> _WHAT THE TASK ASKS_: Copy each line of the records that holds the string "nung".

> _RECORDS FOR THIS EXERCISE_:
☆ ☆ ☆ ☆ ☆ ☆ ☆

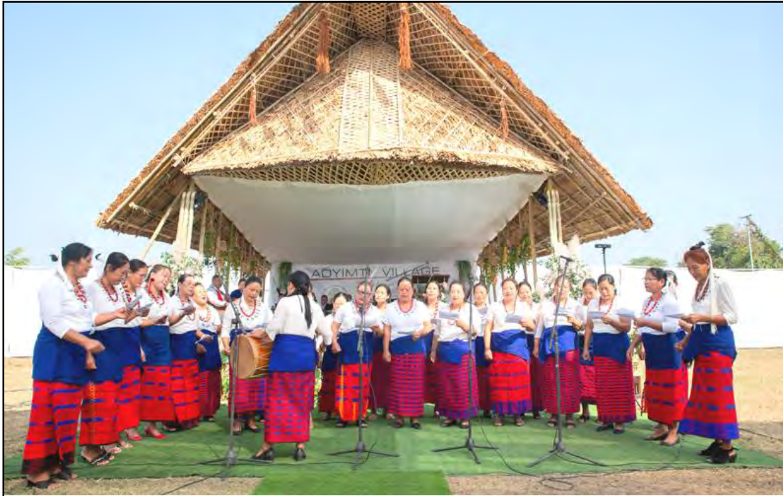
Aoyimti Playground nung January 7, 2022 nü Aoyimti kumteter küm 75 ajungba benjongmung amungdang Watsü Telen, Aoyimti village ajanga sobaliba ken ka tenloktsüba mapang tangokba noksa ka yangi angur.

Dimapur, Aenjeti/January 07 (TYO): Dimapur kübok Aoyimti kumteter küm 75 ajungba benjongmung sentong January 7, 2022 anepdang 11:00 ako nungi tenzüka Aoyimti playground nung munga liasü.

☆ ☆ ☆ ☆ ☆ ☆ ☆

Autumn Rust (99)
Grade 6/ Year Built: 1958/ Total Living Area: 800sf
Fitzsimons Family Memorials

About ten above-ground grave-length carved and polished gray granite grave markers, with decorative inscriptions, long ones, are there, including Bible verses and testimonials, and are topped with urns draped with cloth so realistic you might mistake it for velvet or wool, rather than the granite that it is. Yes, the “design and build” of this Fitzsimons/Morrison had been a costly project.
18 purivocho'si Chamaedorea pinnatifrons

☆ ☆ ☆ ☆ ☆ ☆ ☆

> _ANSWER BELOW_:
Aoyimti Playground nung January 7, 2022 nü Aoyimti kumteter küm 75 ajungba benjongmung amungdang Watsü Telen, Aoyimti village ajanga sobaliba ken ka tenloktsüba mapang tangokba noksa ka yangi angur.
Dimapur, Aenjeti/January 07 (TYO): Dimapur kübok Aoyimti kumteter küm 75 ajungba benjongmung sentong January 7, 2022 anepdang 11:00 ako nungi tenzüka Aoyimti playground nung munga liasü.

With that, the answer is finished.